2-Gastric glands: Mucous cells, Parietal cells(HCl production), Chief cells(secrete pepsinogen)
3- Blood supply: Celiac artery
Describe the structure of the intervertebral disc
Fibrocartilaginous structure found between adjacent vertebral discs. 2 main components;
1-Annulus Fibrosus: The outer portion of the intervertebral disc is composed of fibrous tissue. It is organized into concentric layers or lamallae made of fibrocartilage. Each lamellae consist of collagen fibers arranged in a crisscross pattern. Annulus fibrosus provides strength and stability to the intervertebral disc, resisting tension and containing the gel-like nucleus pulposus.
2-Nucleus pulposus: The inner core of the intervertebral disc is called nucleus pulposus.
It is gelatinous, mucoid substance with a high water content. The nucleus pulposus providing flexibility and resistance to compression. It act as a shock absorber. It allows the spine to bend and flex.
3-Vertebral endplates: Upper and lower surfaces of the intervertebral discs, allowing nutrients and fluids to diffuse between the disc and the vertebral bodies.
4-Avascular: meaning it lacks direct blood supply.
5-Innervation: The outer layers of the annulus fibrosus are innervated, providing the disc with sensory nerve fibers. This makes the outer layers more susceptible to pain, contributing to conditions like disc herniation.
Describe the tricuspid valve
Found between the right ventricle and atrium.
Leaflets: 3 cusps named anterior, posterior and septal leaflets.

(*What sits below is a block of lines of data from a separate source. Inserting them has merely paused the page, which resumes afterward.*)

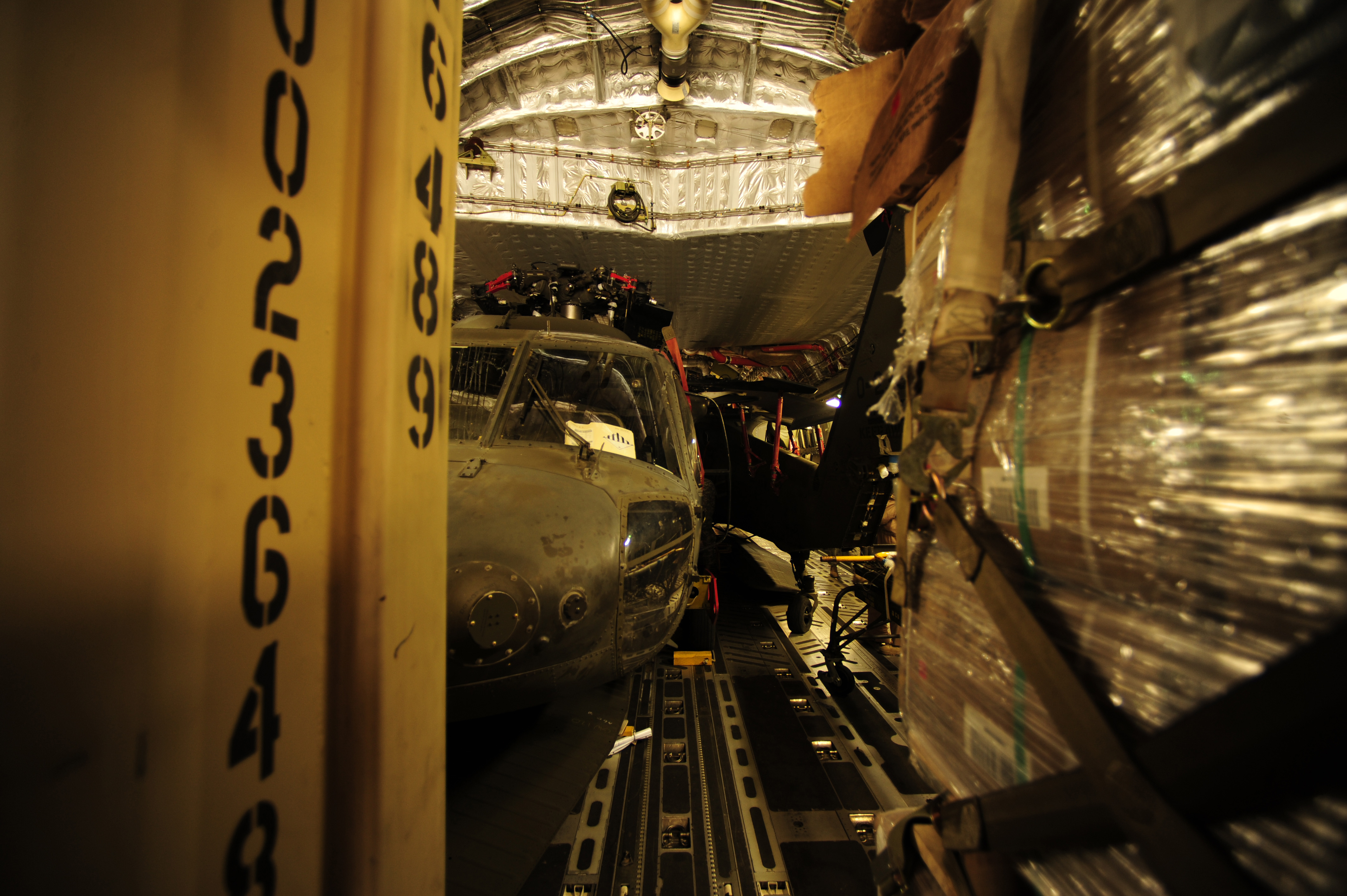 U.S. Air Force airmen from the 818th Contingency Response Element and U.S. Army soldiers from the 16th Combat Aviation Brigade take the straps off of UH-60 Blackhawk helicopters and cargo aboard a C-17 Globemaster III aircraft at Chaklala Air Force Base, Pakistan on Sept. 1, 2010. The 16th CAB just arrived in Pakistan and is going to air transport supplies throughout the country. (U.S. Air Force photo by Staff Sgt. Andy M. Kin / Released)
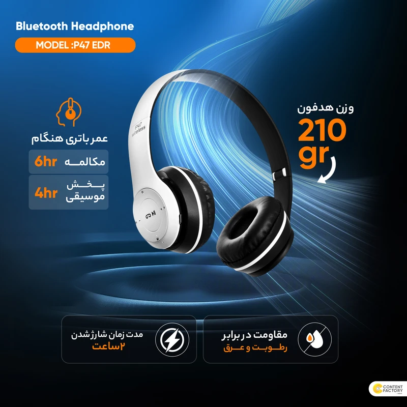 هدفون بلوتوثی مدل P47 EDR دارای شیار کارت حافظه، مقاومت در برابر رطوبت و عرق
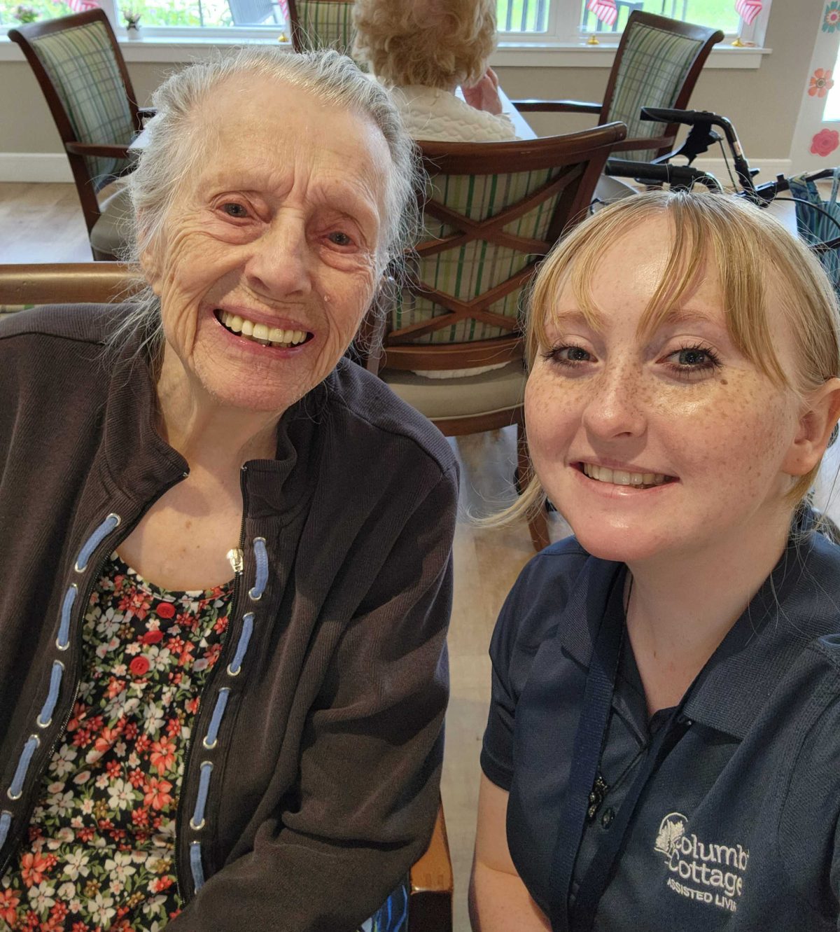 We enjoyed taking selfies throughout the day while we socialized on the porch, participated in music therapy, pet therapy, and walking through our community.
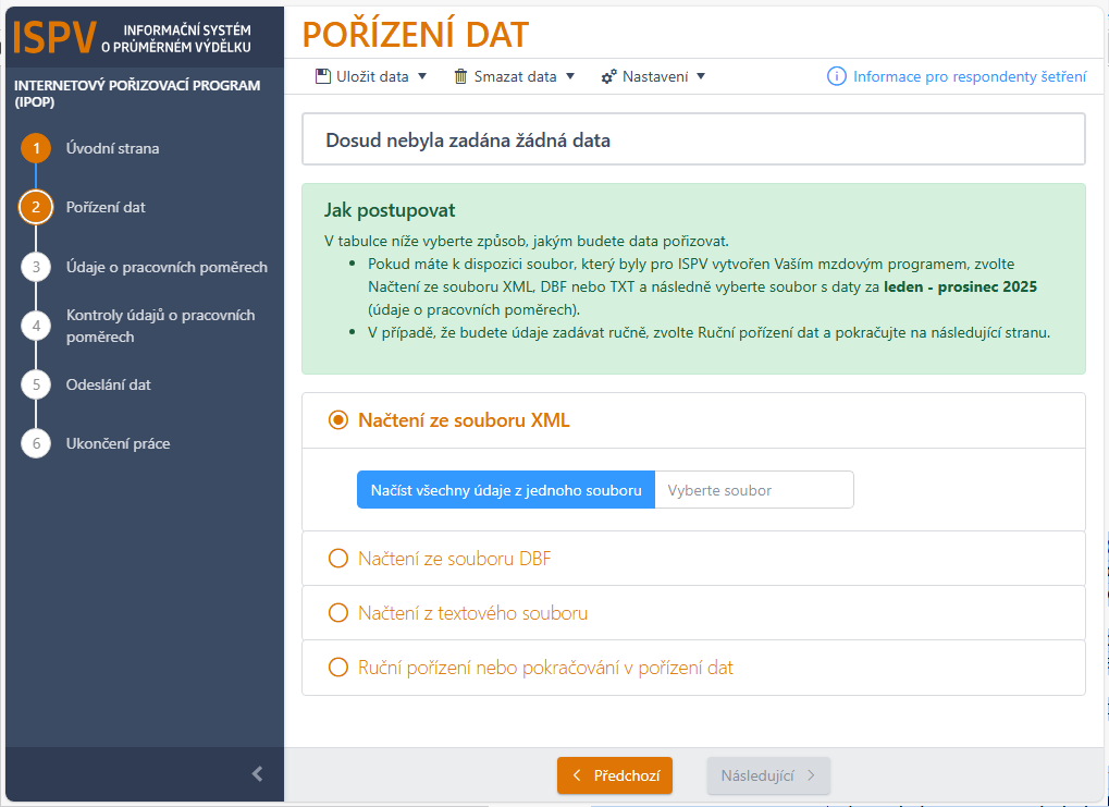 Systém WAK INTRA umožňuje vytvořit XML soubor s daty pro statistické šetření o průměrném výdělku (ISPV). Aby byl export dat správný a kompletní, je nutné projít několik kroků přípravy — od kontroly číselníků až po odeslání dat prostřednictvím Internetového kontrolního programu ISPV (IPOP).

2-chardae Tendineae:Thin fibrous cords called chordae tendineae connect the free edges of the valves to the papillary muscles found in the ventricle.
3-Papillary muscles
Describe the macroscopic anatomy of the pylorus
The pylorus is a part of the stomach that connects to the small intestine. Here’s a description of its macroscopic anatomy:
Location:
The pylorus is situated at the distal end of the stomach, forming the junction between the stomach and the duodenum (the first part of the small intestine).
Components:
1. Pyloric Antrum: This is the initial portion of the pylorus, located closest to the body of the stomach. It is larger and more distensible than the pyloric canal.
- Pyloric Canal: This is the narrower, more muscular portion of the pylorus. It serves as a passage for the partially digested food (chyme) to enter the duodenum.
Muscular Features:
The muscular structure of the pylorus is crucial for regulating the passage of food from the stomach to the small intestine. It consists of two main muscle layers:
- Circular Muscle Layer (Thick Muscularis Externa): This layer, known as the pyloric sphincter or pyloric circular muscle, forms a ring around the pyloric orifice. It acts as a sphincter to control the release of chyme into the duodenum.
- Longitudinal Muscle Layer: This layer runs along the length of the pyloric canal and aids in the peristaltic movements that propel chyme into the small intestine.
Pyloric Sphincter:
The pyloric sphincter is a specialized muscle at the junction of the stomach and the duodenum. It controls the flow of chyme from the stomach into the duodenum, allowing small amounts to pass through at a time.
Function:
The primary function of the pylorus is to regulate the release of chyme, the semi-liquid mixture of food and digestive juices, from the stomach into the small intestine. This controlled release ensures that the small intestine receives properly processed food for further digestion and absorption.
In summary, the macroscopic anatomy of the pylorus involves distinct anatomical components, including the pyloric antrum and pyloric canal, along with specialized muscular structures such as the pyloric sphincter, all working together to facilitate the controlled passage of partially digested food into the small intestine.